Reproduce the whole listing that follows, character for character, and drop the images.

*** Data ***

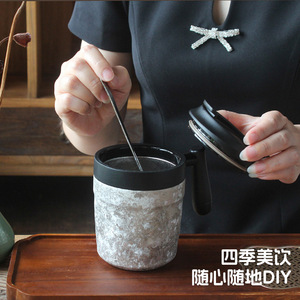 男性と女性のための見栄えの良い純チタン断熱カップ、蓋付き断熱コーヒーカップ、ティーカップ、ポータブルハンドル、オフィスカップ、ウォーターカップ
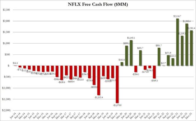 奈飞四季度的自由现金流为16亿美元,这是有记录以来的第三高的季度自由现金流,去年同期只有3.32亿美元。截至2023年全年,经营活动提供的净现金为73亿美元,而2022年为20亿美元,而自由现金流总额为69亿美元,而2022年为16亿美元。其中包括由于好莱坞罢工而延迟支出的约10亿美元。在过去的四年中,Netflix创造了120亿美元的经营活动提供的净现金和超过100亿美元的正现金流。
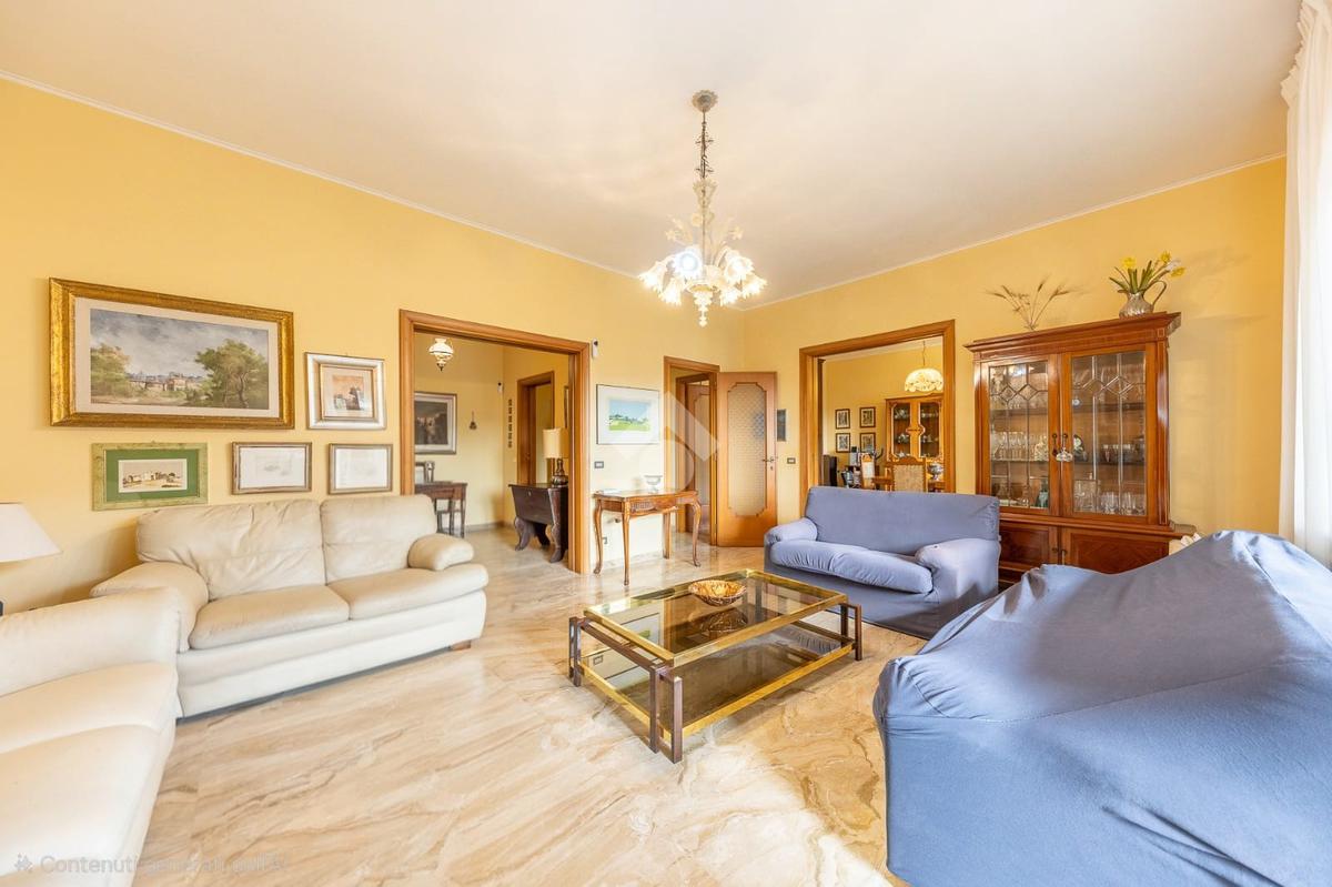 In contesto riservato e silenzioso, all’interno di strada privata chiusa con sbarra e servizio di portineria, a pochi passi da Via Cassia, proponiamo in vendita un ampio appartamento di circa 200 mq, posto al secondo piano.

*** End of Data ***

:: Output ::
 男性と女性のための見栄えの良い純チタン断熱カップ、蓋付き断熱コーヒーカップ、ティーカップ、ポータブルハンドル、オフィスカップ、ウォーターカップ
 奈飞四季度的自由现金流为16亿美元,这是有记录以来的第三高的季度自由现金流,去年同期只有3.32亿美元。截至2023年全年,经营活动提供的净现金为73亿美元,而2022年为20亿美元,而自由现金流总额为69亿美元,而2022年为16亿美元。其中包括由于好莱坞罢工而延迟支出的约10亿美元。在过去的四年中,Netflix创造了120亿美元的经营活动提供的净现金和超过100亿美元的正现金流。
 In contesto riservato e silenzioso, all’interno di strada privata chiusa con sbarra e servizio di portineria, a pochi passi da Via Cassia, proponiamo in vendita un ampio appartamento di circa 200 mq, posto al secondo piano.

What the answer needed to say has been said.